EXERCISE MATERIAL below:
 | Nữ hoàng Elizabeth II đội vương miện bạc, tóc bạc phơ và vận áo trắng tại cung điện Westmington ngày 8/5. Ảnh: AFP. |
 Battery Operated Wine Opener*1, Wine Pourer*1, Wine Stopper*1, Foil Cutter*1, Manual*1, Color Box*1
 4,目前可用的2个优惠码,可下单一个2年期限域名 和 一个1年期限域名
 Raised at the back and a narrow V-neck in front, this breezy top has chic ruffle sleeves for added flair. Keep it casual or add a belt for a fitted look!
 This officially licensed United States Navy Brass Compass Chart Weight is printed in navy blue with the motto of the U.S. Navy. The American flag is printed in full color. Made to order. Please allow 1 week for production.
End of EXERCISE MATERIAL.
EXERCISE MATERIAL below:
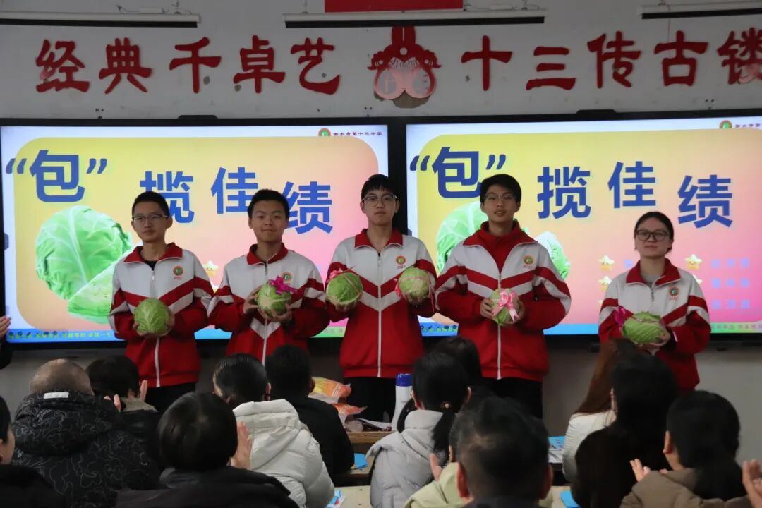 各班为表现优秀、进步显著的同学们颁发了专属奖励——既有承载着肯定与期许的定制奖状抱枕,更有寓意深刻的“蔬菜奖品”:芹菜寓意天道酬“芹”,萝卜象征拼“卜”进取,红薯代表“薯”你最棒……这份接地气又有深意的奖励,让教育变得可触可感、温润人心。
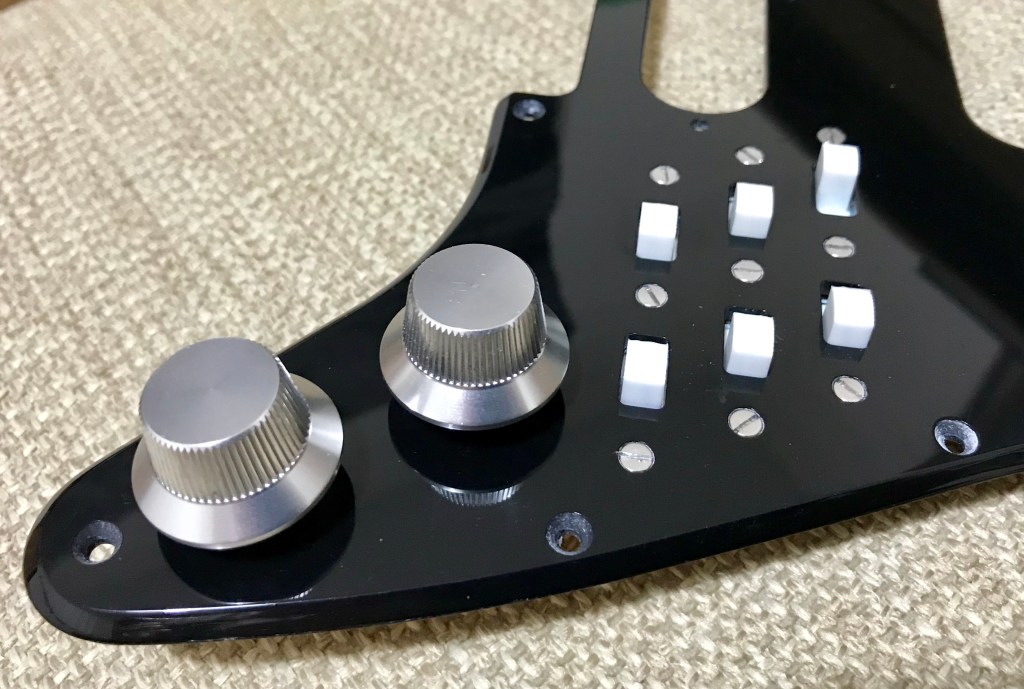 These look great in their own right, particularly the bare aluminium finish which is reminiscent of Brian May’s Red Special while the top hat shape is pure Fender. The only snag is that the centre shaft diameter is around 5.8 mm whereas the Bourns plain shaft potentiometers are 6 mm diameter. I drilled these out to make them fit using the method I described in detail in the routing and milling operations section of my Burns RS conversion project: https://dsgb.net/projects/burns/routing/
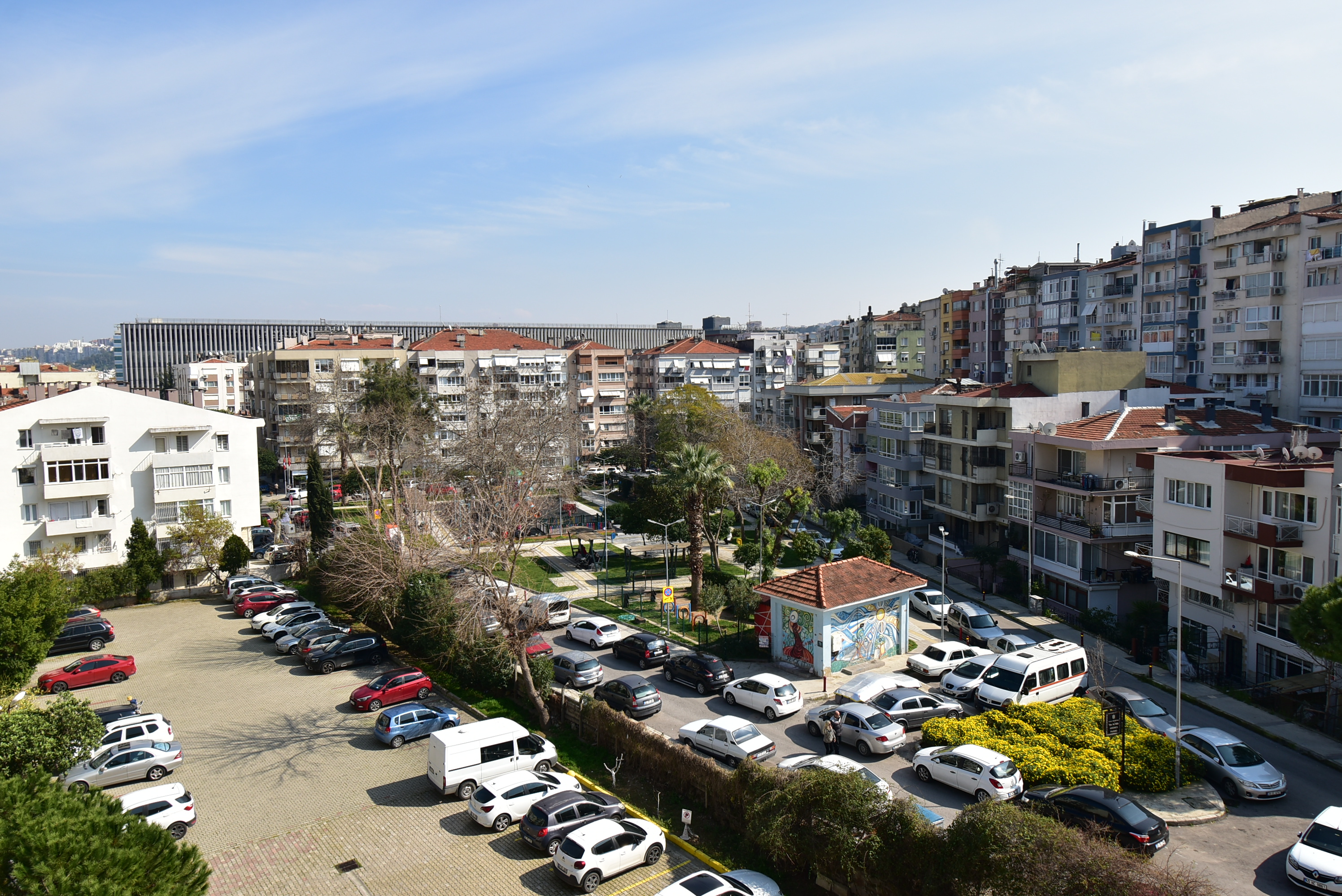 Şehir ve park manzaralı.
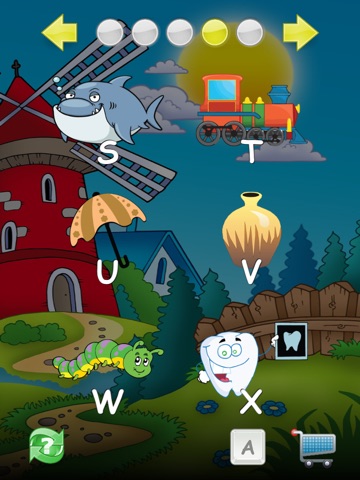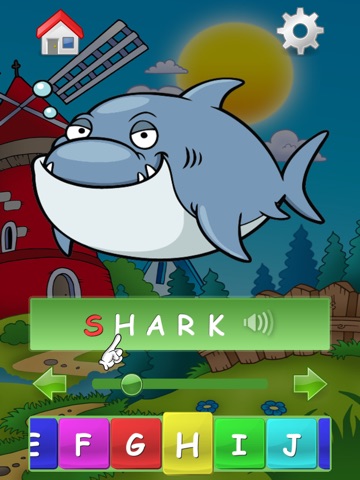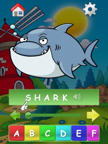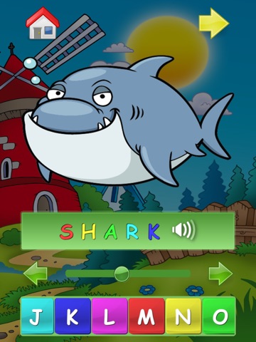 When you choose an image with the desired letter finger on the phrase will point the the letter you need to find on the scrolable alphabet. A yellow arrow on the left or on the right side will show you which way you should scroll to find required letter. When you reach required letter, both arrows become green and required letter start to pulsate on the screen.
End of EXERCISE MATERIAL.
EXERCISE MATERIAL below:
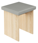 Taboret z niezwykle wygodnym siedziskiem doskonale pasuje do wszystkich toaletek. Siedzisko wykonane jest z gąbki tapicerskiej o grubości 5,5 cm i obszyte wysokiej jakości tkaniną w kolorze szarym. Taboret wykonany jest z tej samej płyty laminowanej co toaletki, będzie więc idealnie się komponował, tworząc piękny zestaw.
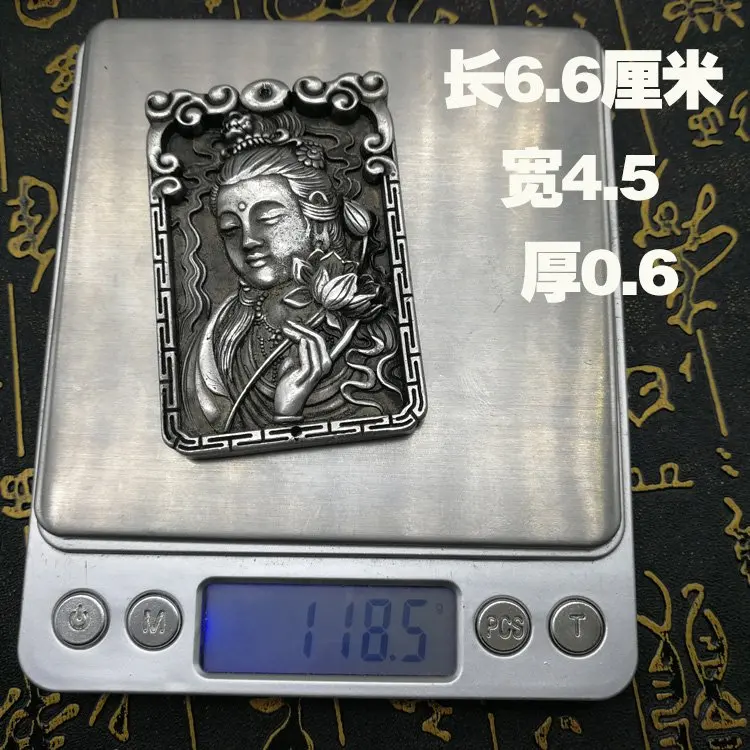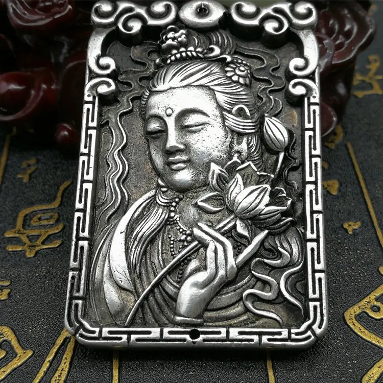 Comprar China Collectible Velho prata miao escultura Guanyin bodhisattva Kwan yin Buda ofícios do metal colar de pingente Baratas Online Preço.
End of EXERCISE MATERIAL.
▶ _EXERCISE_: From the records above, copy out the line with "Ảnh: AFP. |", the line with "4,目前可用的2个优惠码,可下单一个2年期限域名 和 一个1年期限域名", and every line between them, word for word.

▶ _RESULT OF THIS EXERCISE_:
 | Nữ hoàng Elizabeth II đội vương miện bạc, tóc bạc phơ và vận áo trắng tại cung điện Westmington ngày 8/5. Ảnh: AFP. |
 Battery Operated Wine Opener*1, Wine Pourer*1, Wine Stopper*1, Foil Cutter*1, Manual*1, Color Box*1
 4,目前可用的2个优惠码,可下单一个2年期限域名 和 一个1年期限域名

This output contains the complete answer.